Главный и любимый танцовщик советской эпохи Владимир Васильев отметил свое шестидесятилетие. Он достиг высшей ступени балетной карьеры — стал художественным руководителем-директором главного государственного театра. Но руководитель Васильев оказался далеко не столь удачлив, как танцовщик.
Танцовщик
Васильев был всеобщим любимцем. В балетной школе педагоги носили его на руках: обаяние, артистизм, бешеная энергетика, невероятная работоспособность, дар перевоплощения, вкус к игре, страсть к экспериментам. Правда, все предрекали ему карьеру характерного танцовщика. В то время деление на амплуа было строгим, а внешние данные Васильева (спортивная фигура, мускулистые ноги, русопятская внешность) не отвечали традиционным представлениям о классическом танцовщике.
Время — оттепель. Демократизм, лучезарность надежд. В театре у Васильева конкурентов нет: все предыдущее поколение — артисты иного типа, не виртуозы, а кавалеры. Васильев феноменален, его техника превосходит воображение. Его артистическим даром поражены балетные старейшины: современники Нижинского Федор Лопухов и Касьян Голейзовский без колебаний отдают предпочтение юному артисту. Большой демократичен и открыт: в театр приглашают опального старика Голейзовского, оригинала Якобсона, молодого Григоровича, с которым все связывают надежды на обновление балета. В этот период репертуар Васильева разнообразен и великолепен — от буйного Пана до страстотерпца Паганини, от восточного поэта Меджнуна до простака Иванушки, от блистательного Базиля до героического Спартака. Госпремии, звания, загранкомандировки, слава.
Диссидент
В 70-е — первые признаки кризиса. Репертуар танцовщика начинает иссякать. Коренастый Васильев берется за роли принцев, графов и романтических влюбленных. Мастерство позволяет ему выглядеть достойно и в этих партиях. Но они явно не его. Васильев начинает ставить самостоятельно, и главный балетмейстер театра Григорович довольно мирно отдает ему "испытательный полигон" — сцену Кремлевского дворца. Там появляются две версии "Икара". Затем — рейд в баланчинский симфонизм (40-я симфония Моцарта), попытки бессюжетной стилизации ("Эти чарующие звуки"). Вроде бы не провал — рецензии обстоятельные и доброжелательные. Но и о рождении большого хореографа говорить тоже не приходится. И все же в театре двум постановщикам становится тесно.
В 75-м Григорович ставит своего "Ивана Грозного", в котором с яростной убежденностью отстаивает право на диктатуру.
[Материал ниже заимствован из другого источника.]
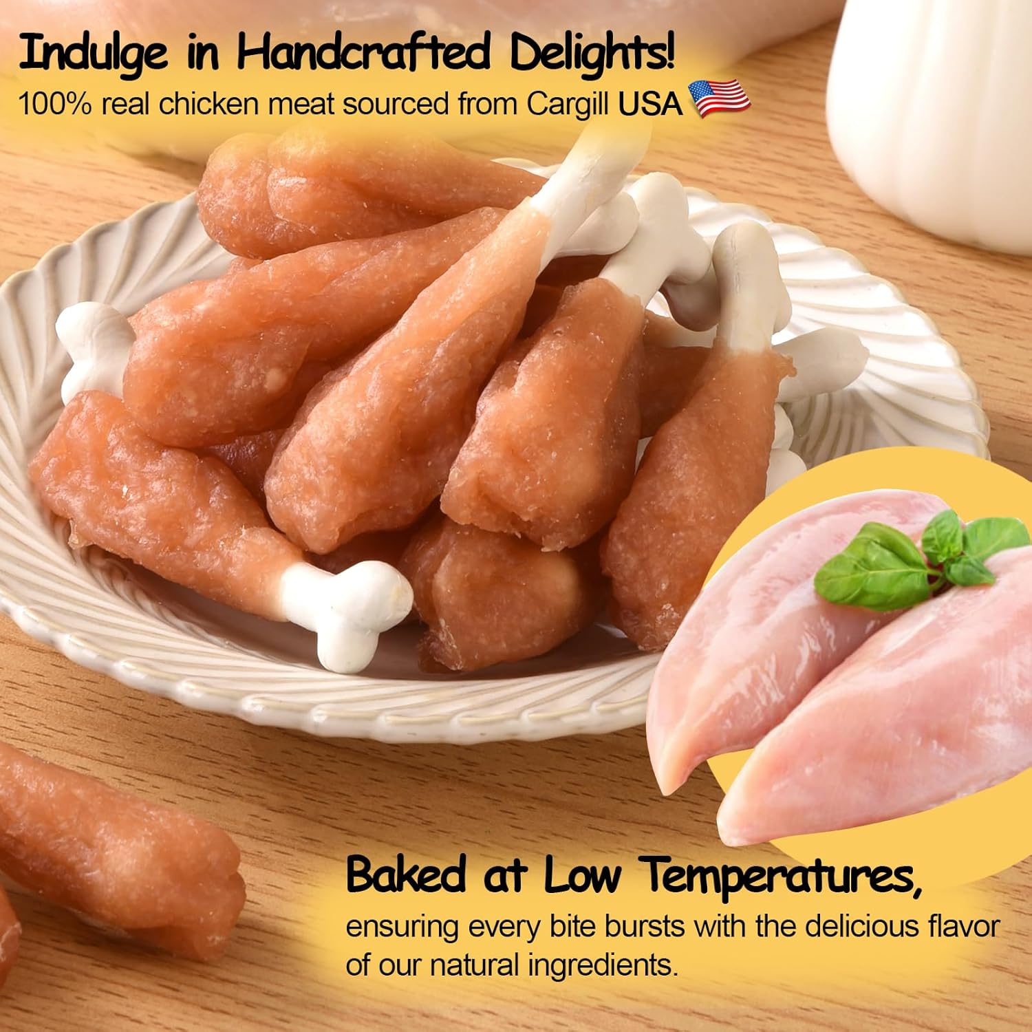 - NUTRITION COLLOCATION - The chicken dog treat contains calcium, which is good for dog physical strength and strong bones. It is rich in protein and low in fat, which is good for immunity.

Васильев впервые выступает вторым составом — премьера отдана неистовому Юрию Владимирову, не боявшемуся показать патологическое обаяние тирана. Васильев для своего Грозного ищет оправданий — дескать, казню, но и страдаю при этом. Балет Григоровича таких нюансов не подразумевает, и Васильев впервые проигрывает актеру-сопернику.
В 76-м тайный конфликт первого танцовщика и главного балетмейстера становится явным: на худсовете Васильев объявляет фальшью последний балет Григоровича "Ангара", действительно провальный, но уже награжденный Госпремией. После этого ролей ему не видать.
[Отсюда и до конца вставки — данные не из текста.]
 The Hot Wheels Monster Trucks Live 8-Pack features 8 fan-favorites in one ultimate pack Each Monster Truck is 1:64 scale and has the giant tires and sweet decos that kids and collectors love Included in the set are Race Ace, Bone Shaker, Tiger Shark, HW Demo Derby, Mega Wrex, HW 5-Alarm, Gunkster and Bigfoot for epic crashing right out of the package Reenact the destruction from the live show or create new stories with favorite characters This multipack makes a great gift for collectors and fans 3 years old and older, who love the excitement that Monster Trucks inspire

"Холодная война" c Григоровичем продолжалась еще 12 лет. Первый танцовщик страны танцует в Большом все реже. Но, в отличие от попавшей в схожую ситуацию Майи Плисецкой, не пытается расширить свой репертуар балетами западных кумиров. Балеты Васильев ставит для себя сам — камерные биографические реминисценции, балетики-сюиты, состоящие из более или менее удачных дуэтов и вариаций ("Я хочу танцевать", "Фрагменты одной биографии"). В 80-м появляется "Макбет" — спектакль, поставленный в стилистике Григоровича, но полный полемики с ним. Васильев доходчиво разъяснял оппоненту, что власть развращает человека, что тиран — на самом деле жертва.
  |
"Тиран", потерпев еще несколько лет, в 1988 году избавляется от всех непокорных народных артистов: в этот сезон он разом выводит на пенсию Плисецкую, Максимову и Васильева. (В "Гранд-опера" это дело обычное: там, вне зависимости от формы и заслуг, артистов отправляют за штат в 40 лет. Нашим героям было значительно больше, но в советском балете артисты этого ранга уходили на пенсию, когда считали нужным.) Максимовой и Васильеву предлагают договор на исполнение "Анюты" — последнего балета Васильева, поставленного им для жены и партнерши. Оскорбленные артисты отказываются. В перестроечной прессе появляются их интервью о кризисе в балете, об утрате традиций, о загубленных поколениях, об отсутствии свежего репертуара, о потере духовных ценностей, о диктатуре в Большом.
Гонимый Васильев вызывает сочувствие и делается негласным вождем оппозиции. Солидарные московские театры охотно предоставляют ему сцену. Васильев ставит в Музыкальном театре им. Станиславского, в Кремлевском балете, в Новой опере Колобова. Отныне все, что он делает в качестве хореографа, не подлежит сомнению. Критики не атакуют ни сомнительного "Дон Кихота", ни вульгарную "Золушку" — потенциальный преемник Григоровича не должен иметь изъянов.
  |
Пять лет назад шум вокруг Большого — месткомовские собрания, пикеты артистов — надоел чиновникам. Григоровича решено было снять. Вопрос о преемнике решался на самом высоком уровне, новые назначения подписал премьер Черномырдин. Васильев добился небывалых полномочий: он не просто возглавил балетную труппу, он стал руководителем всего театра. Причем, в отличие от других руководителей, несменяемым: никакого контракта на определенный срок — по новому положению главу Большого назначает и увольняет непосредственно глава правительства. К полномочиям худрука Васильев присоединил и полномочия директора, затребовав заветное "право финансовой подписи".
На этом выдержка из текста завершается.